Tuesday, July 4, 2017

Cold Summer by Gwen Cole

This review was written by: C
Received: Library
Date of Publication: May 2017
Pages: 322
Stars: 3.5/5

Official Summary:

Today, he’s a high school dropout with no future.
Tomorrow, he’s a soldier in World War II.

Kale Jackson has spent years trying to control his time-traveling ability but hasn’t had much luck. One day he lives in 1945, fighting in the war as a sharpshooter and helplessly watching soldiers—friends—die. Then the next day, he’s back in the present, where WWII has bled into his modern life in the form of PTSD, straining his relationship with his father and the few friends he has left. Every day it becomes harder to hide his battle wounds, both physical and mental, from the past.

When the ex-girl-next-door, Harper, moves back to town, thoughts of what could be if only he had a normal life begin to haunt him. Harper reminds him of the person he was before the PTSD, which helps anchor him to the present. With practice, maybe Kale could remain in the present permanently and never step foot on a battlefield again. Maybe he can have the normal life he craves.

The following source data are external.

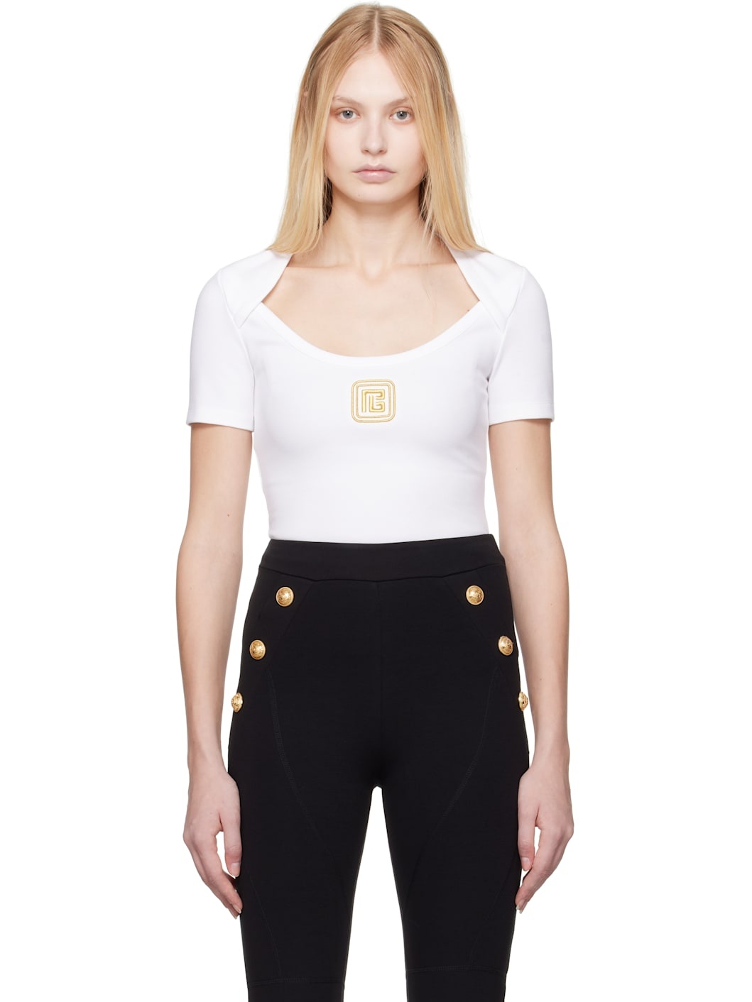 Stretch cotton-blend jersey T-shirt. · Scoop neck · Logo embroidered at front Supplier color: Gad blanc 39% cotton, 39% modal, 12% elastane, 10% polyamide. Made in Portugal 251251F110006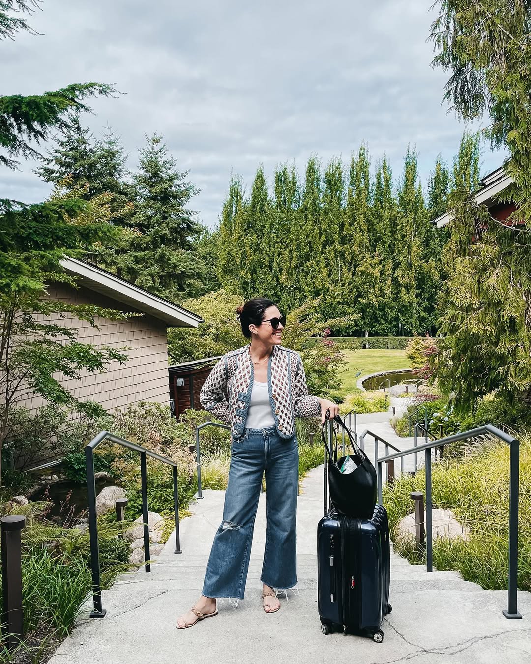 This ensemble offers a refreshing feel amidst the usual travel hustle. A patterned quilted jacket worn over a simple tank and wide-leg jeans provides a distinctive flair without appearing overdone.
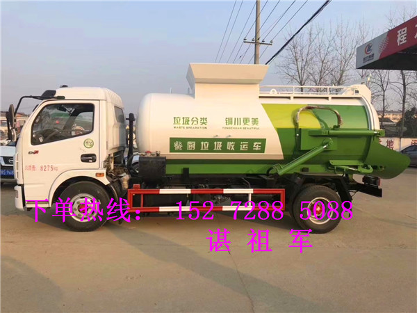 餐厨垃圾车是一种新型的环卫垃圾车,桶装“泔水”经该车输送带缓慢上输,在车顶部倒入车厢内(车厢可分为厢体和罐体),固液分离,其改装部分具有装、卸自动化,操作简便,作业过程密封,无污水泄露和异味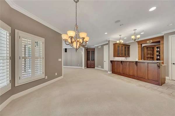 The finished terrace level is an entertainer's dream, featuring a great room, rec room, theater room, bar with dishwasher & sink, wine cellar, bedroom, full bath, and access to the covered stamped-concrete patio overlooking the pond.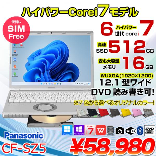 【中古パソコン】Panasonic CF-SZ5 中古 レッツノート Office Win10 [Core i7 6600U メモリ16GB SSD512GB マルチ 無線 WWAN カメラ 12.1型] :良品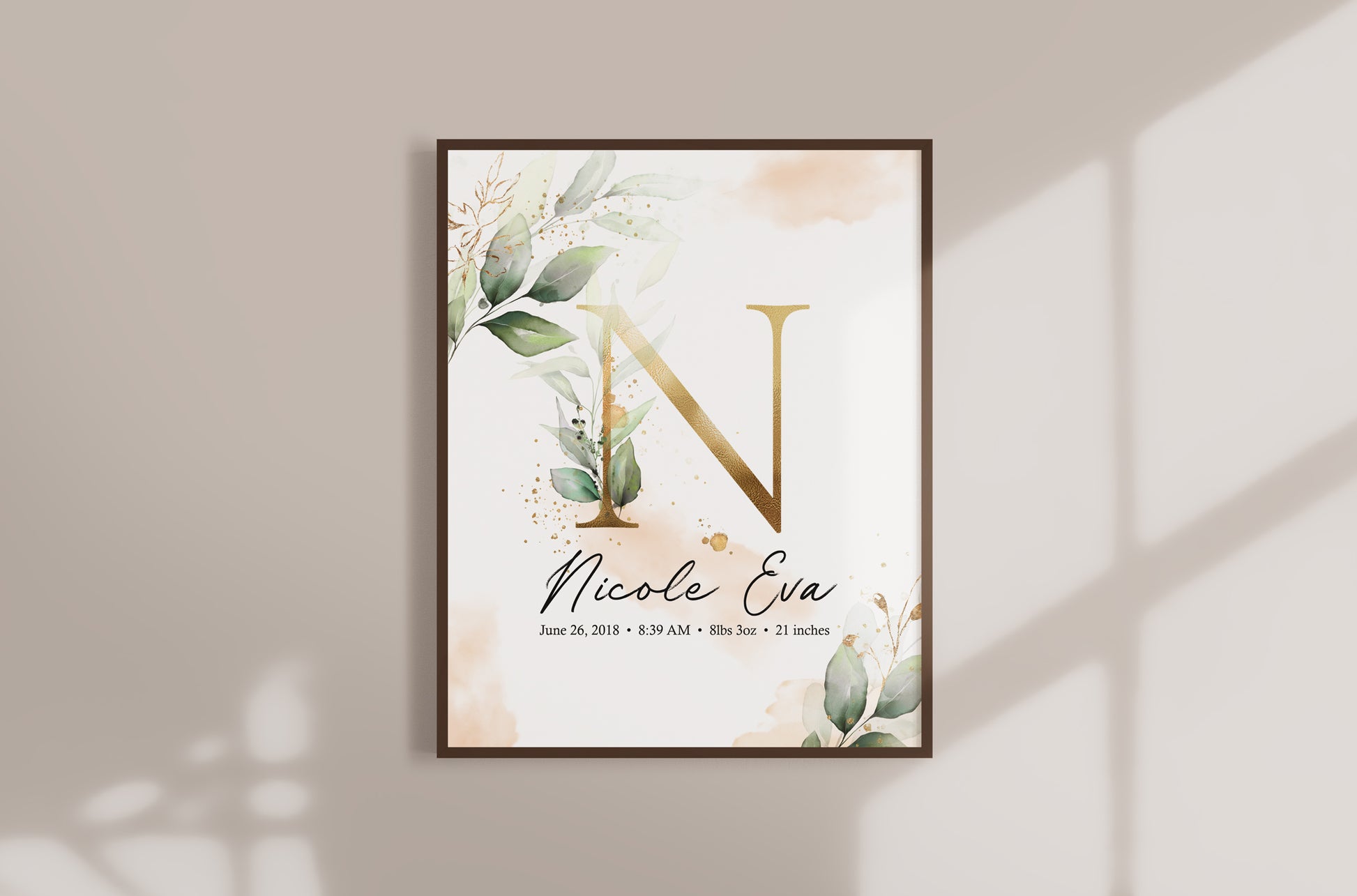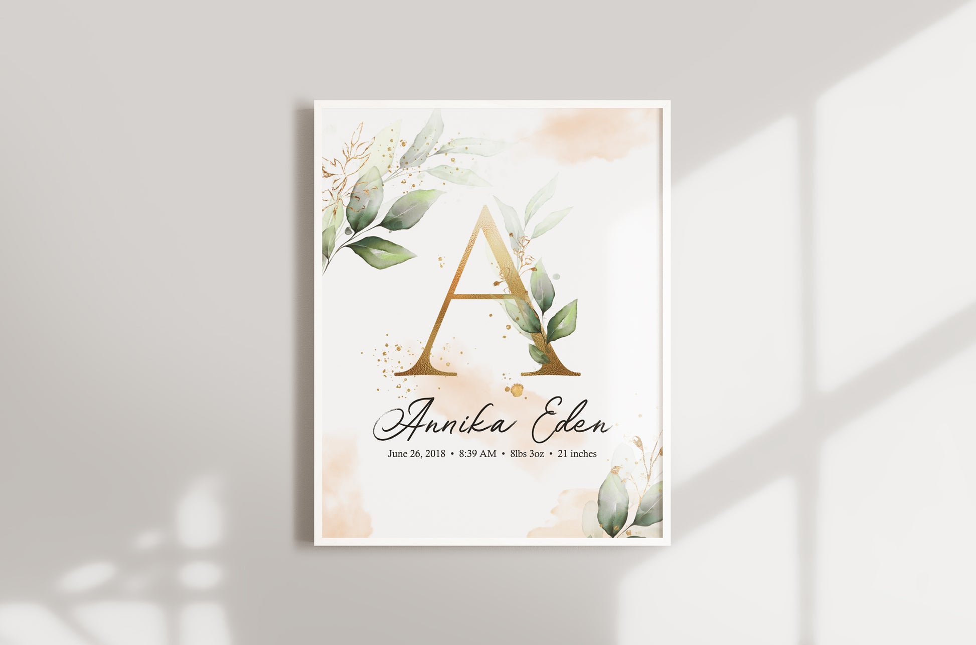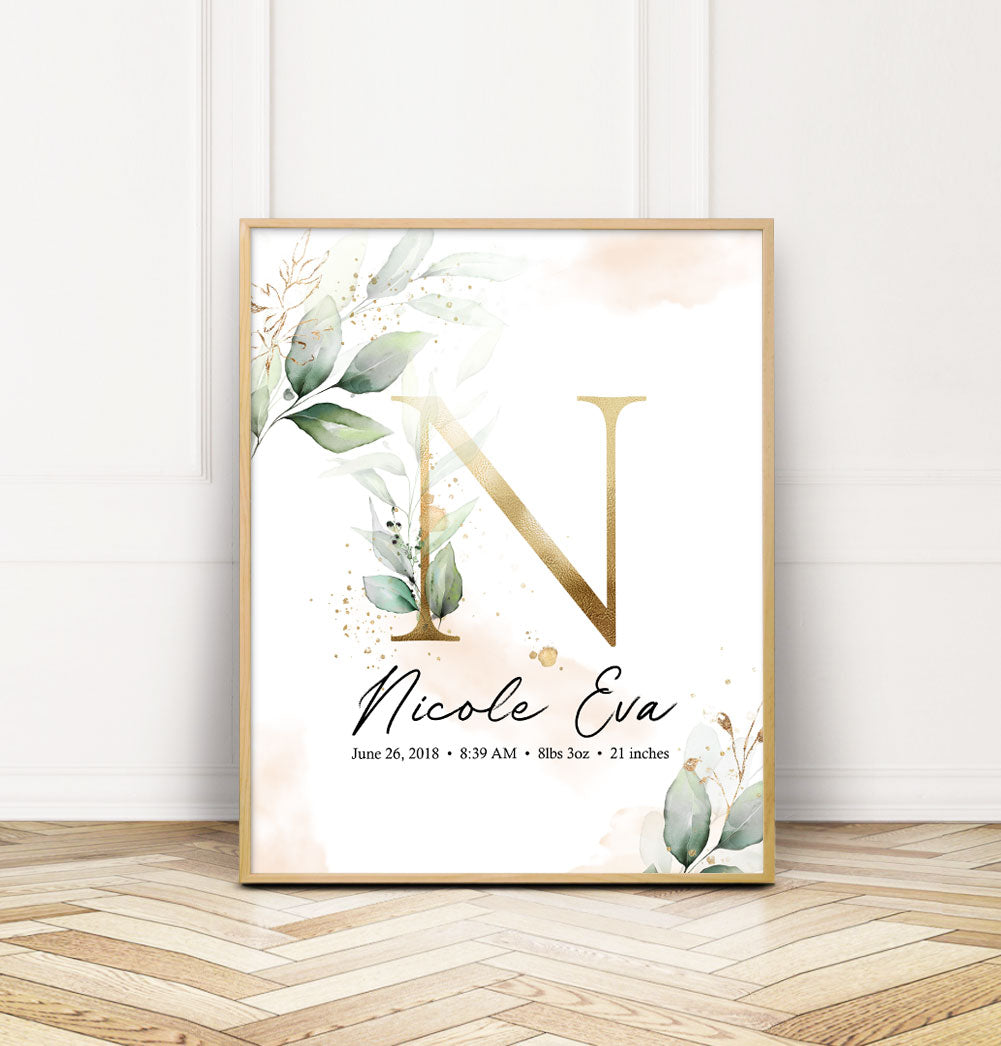 With a modern bohemian look of watercolor leaves and faux gold foil paint splashes, these birth announcement wall art will adorn your nursery walls for years to come. Perfect for the little baby girl's new nursery decor. The design of each letter is slightly different, making each unique.

But then Harper finds Kale’s name in a historical article—and he’s listed as a casualty of the war. Kale knows now that he must learn to control his time-traveling ability to save himself and his chance at a life with Harper. Otherwise, he’ll be killed in a time where he doesn’t belong by a bullet that was never meant for him.

My Thoughts:

“Sometimes when you go through things, you bottle them up inside and try to act like everything is fine. Because you want to forget they ever happened. But you have to trust me when I say that doesn't work. In order for you to move on, you have to let them out.”
― Gwen Cole, Cold Summer 

 Time travel is a concept that I love to find in books. However, its inclusion can result in the story following one of two paths: time travel takes far too much precedence and convolutes the story with overcomplicated events and technicalities (for me, this happened with Pathfinder) or the concept isn't thought out well enough, resulting in plot holes and the inclusion of time travel becoming lackluster. However, with Cold Summer, Cole didn't overcomplicate any aspects of time travel, which surprised me. She made the explanation of Kale's abilities simple and to the point, which I greatly appreciated, but was slightly disappointed that there really wasn't much else to it.

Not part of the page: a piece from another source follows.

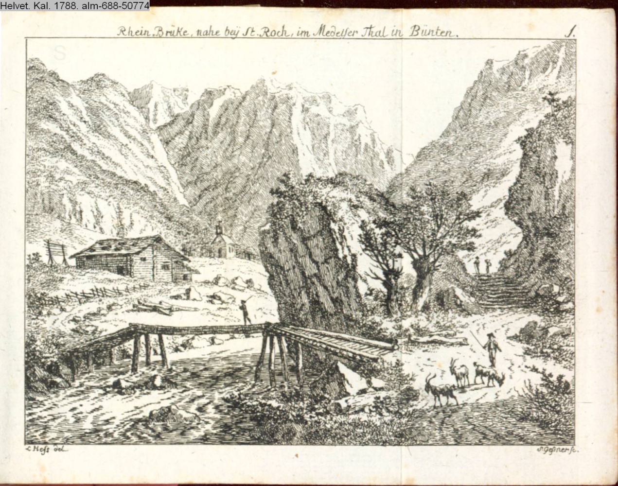 Rhein-Brüke, nahe bey St. Roch, im Medesser Thal in Bünten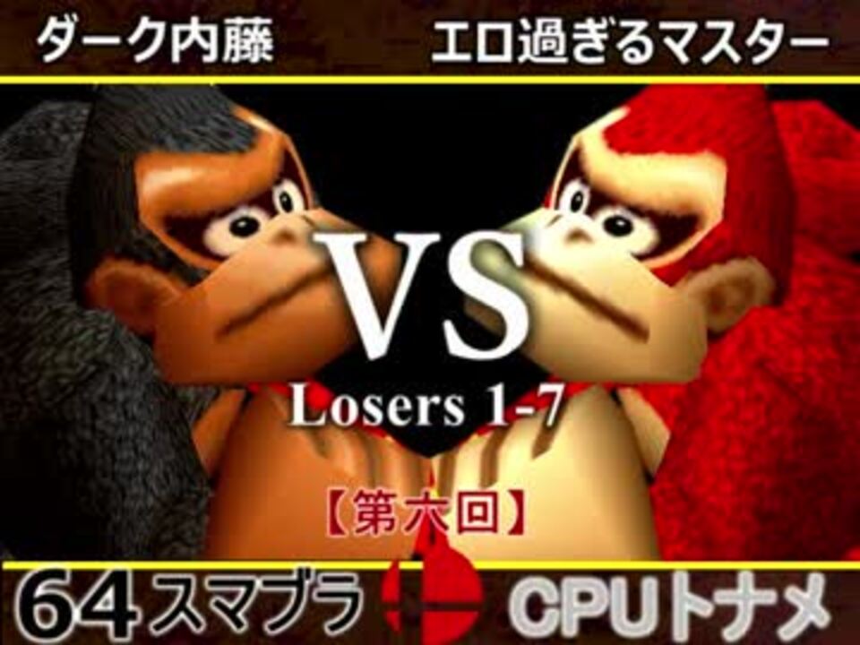 動物園<br /><u>※どちらが勝つかアンケ結果(Twitter調べ)</u><br />ダーク内藤(DK) 29% VS エロ過ぎるマスター(DK) 71%<br /><br />【大会形式】ダブルイリミネーション方式トーナメント<br />・一度負けてもルーザーズ側を勝ち続ければ決勝に行ける<br /><br /><font color="#0000ff"><u>※64スマブラCPUトナメ実況のwikiができた模様</u>→</font> <a href="https://wiki3.jp/cpu_64" target="_blank" rel="noopener nofollow">https://wiki3.jp/cpu_64</a><br /><br /><b><font size="5"><font color="#ff0000">次→</font></font></b>【<a href="https://www.nicovideo.jp/watch/sm32741590" class="watch">sm32741590</a>】<br /><br />前【<a href="https://www.nicovideo.jp/watch/sm32732451" class="watch">sm32732451</a>】 一回戦第一試合【<a href="https://www.nicovideo.jp/watch/sm32538745" class="watch">sm32538745</a>】<br /><br />第六回マイリスト【<a href="https://www.nicovideo.jp/mylist/60846974" target="_blank" rel="noopener">mylist/60846974</a>】<br />64スマブラCPUトナメ実況part1まとめ【<a href="https://www.nicovideo.jp/mylist/60846861" target="_blank" rel="noopener">mylist/60846861</a>】<br />その他シリーズ【<a href="https://www.nicovideo.jp/mylist/12965027" target="_blank" rel="noopener">mylist/12965027</a>】<br /><br /><b><font color="#00bfff">Twitter</font></b>【@niconicopppppp】<br /><b><font color="#ff4500">チャンネル</font></b>【<a href="https://ch.nicovideo.jp/p-desu" target="_blank" rel="noopener">ch.nicovideo.jp/p-desu</a>】

Cold Summer reminds me of The Time Traveler's Wife in the sense that the main male protagonist will eventually die as a result of his time traveling abilities. This definitely peaked my interest and I just had to know how the story would unfold. I also found a happy medium of time travel and emotional depth/development of characters. Kale and Harper have a mature and fleshed out relationship that I fell in love with. Bonus, the two are just too freaking adorable together. 

It was strange that Kale went from traveling infrequently to random points in the past (he has never traveled to the future) to traveling every three or four days to World War II where he was mistaken as an enlisted soldier, forcing him to fight and come to terms with his new reality -- killing Germans. He was stuck in a terrible situation and he came back to the present with a lot of baggage, including PTSD. What made it even worse was that only a handful of people actually believed that he traveled to the past, and his parents were not in that category. His mother eventually left and his father simply believes that Kale's running away from home or disappearing for selfish reasons. Thus, Kale has an extremely strained relationship with his dad.

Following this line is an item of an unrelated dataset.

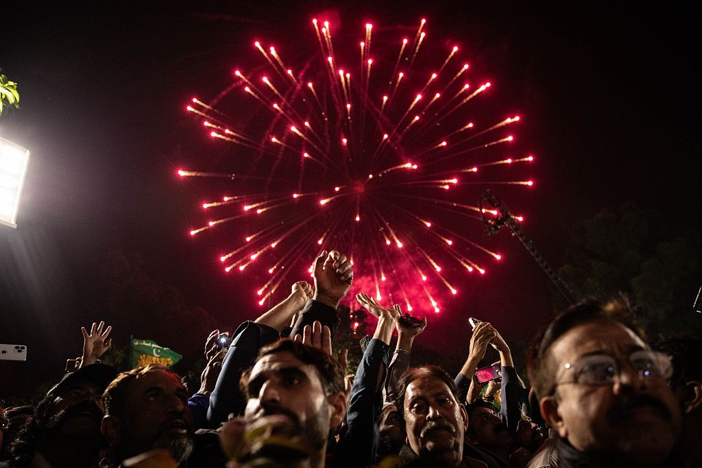 巴基斯坦前总理纳瓦兹·谢里夫的支持者庆祝胜利。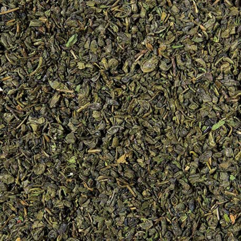 Té verde Gunpowder de hoja enrollada, enriquecido con hojas de menta moruna, muy popular en países del norte de África.

Kale's circumstances and gift make him a broken character and this just made him even more interesting, especially when he has to come to terms with the reason as to why he has been time traveling more frequently. Cole also makes a point of bringing up the fact that maybe the universe has a plan for Kale and that his excursions could occur simply because he is capable of making even the slightest of good impacts. I also loved the fact that Harper respected Kale's secrets. She promised never to ask where he went when he disappeared and he in turn promised that he would always come back to her. They had such a sweet relationship and it just made the story so much better. Also, Harper was a gamer and often wore various video game related t-shirts, which I can appreciate.

There were a couple things that did bug me about the book, but only one involved travel. It was a little too good to be true that Kale could disappear from World War II without anyone noticing. This just seemed a little strange. I understood that he reappeared pretty much exactly when and where he disappeared. However, wouldn't someone have noticed, especially when Kale was in a foxhole with a fellow soldier? The second aspect that got under my skin was the fact that Kale's father didn't believe his son could travel through time for probably a decade, but all of a sudden he believed once Kale's brother tried to talk to him. The change seemed far too sudden and a little unbelievable. However, I did enjoy the book in the end.